# Measure accuracy of agentic app with Arize and Langflow

In this notebook we'll step through how to use open source tools [Arize](https://arize.com/) and [Langflow](https://www.langflow.org/) and to measure the accuracy of an agentic application.

## Prepping a Dataset

Let's start by gathering some example data from a standard question and answer benchmark. We'll use the Standford Question Answering Dataset (SQuAD).
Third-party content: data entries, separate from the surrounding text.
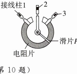 10. 如图所示为可调亮度台灯及其用于调光的电位器结构图,电位器应与灯泡
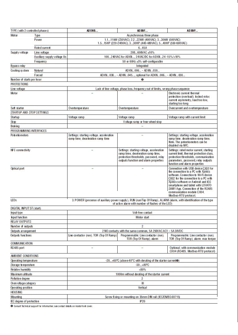 Zaawansowane układy łagodnego rozruchu ADXNP Lovato z elektronicznym zabezpieczeniem termicznym silnika. Podobnie jak ADXNF również posiadają komunikacje NFC oraz dodatkowo potencjometry do ustawień prostych parametrów. Dodatkowo urządzenia z tej serii mogą posiadać opcjonalny moduł komunikacyjny RS485. Ponadto softstarty ADXNP posiadają: regulację ograniczenia prądu, optyczny port do programowania, licznik godzin pracy silnika oraz licznik rozruchów.
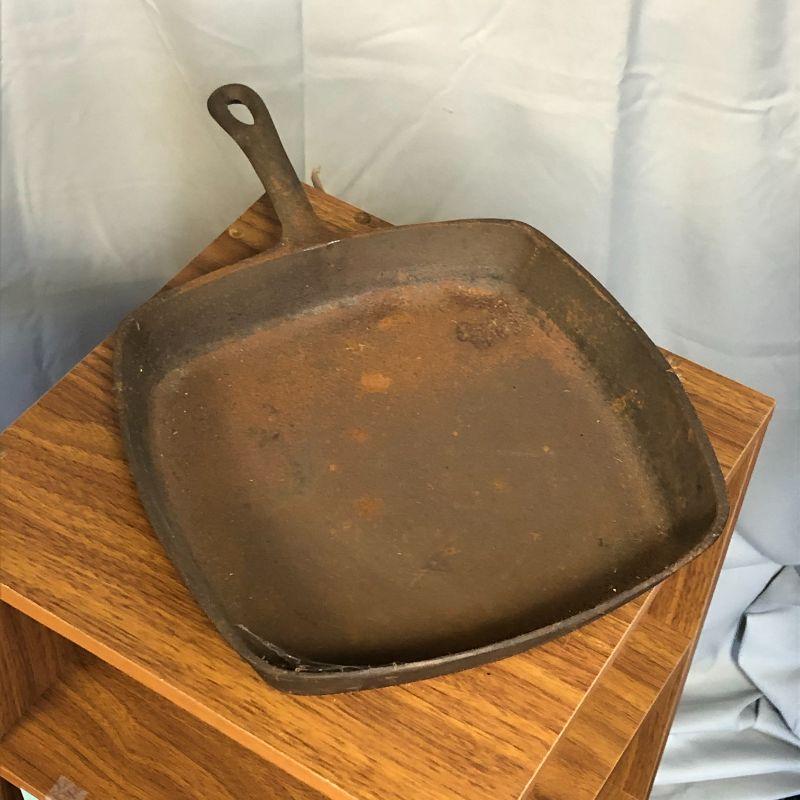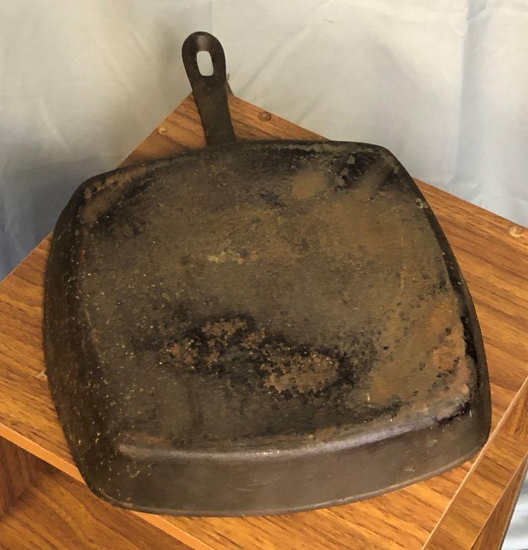 There are no marks on this one. It is 10" and obviously needs cleaning and re-seasoning.
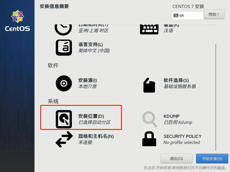 (10)安装过程中,点击ROOT密码,设置root用户的密码。
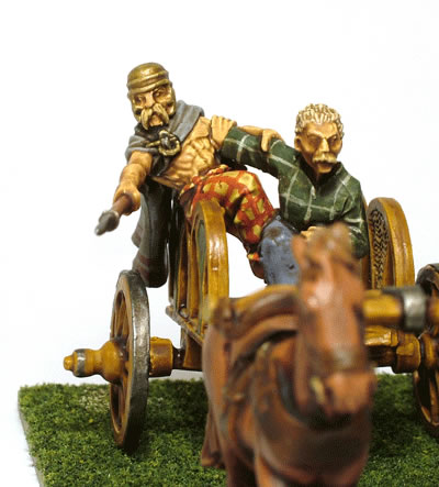 This chariot shows the symbiotic relationship that charioteer and driver would have toi have as they clasp wrists to allow the charioteer to lean out and spear the enemy!
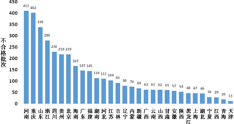 圖3 各省市場銷售食用農(nóng)產(chǎn)品抽檢不合格數(shù)量分布

Available at [https://rajpurkar.github.io/SQuAD-explorer/](https://rajpurkar.github.io/SQuAD-explorer/).


In [1]:
import requests
import json

# Download the file
url = 'https://rajpurkar.github.io/SQuAD-explorer/dataset/dev-v2.0.json'
response = requests.get(url)

# Check if the download was successful
if response.status_code == 200:
    # Save the file locally
    with open('dev-v2.0.json', 'w') as file:
        json.dump(response.json(), file)
    print("File downloaded successfully")
    
    # Load the data
    data = response.json()
    print(f"Dataset loaded with {len(data['data'])} articles")
else:
    print(f"Failed to download file. Status code: {response.status_code}")

File downloaded successfully
Dataset loaded with 35 articles


In [2]:
# get all articles from the dataset
docs = []
for record in data["data"]:
    text = ""
    for paragraph in record["paragraphs"]:
        text += paragraph["context"] + "\n"
    docs.append(text)

In [3]:
print(f"Number of wikipedia articles in dataset: {len(docs)}.")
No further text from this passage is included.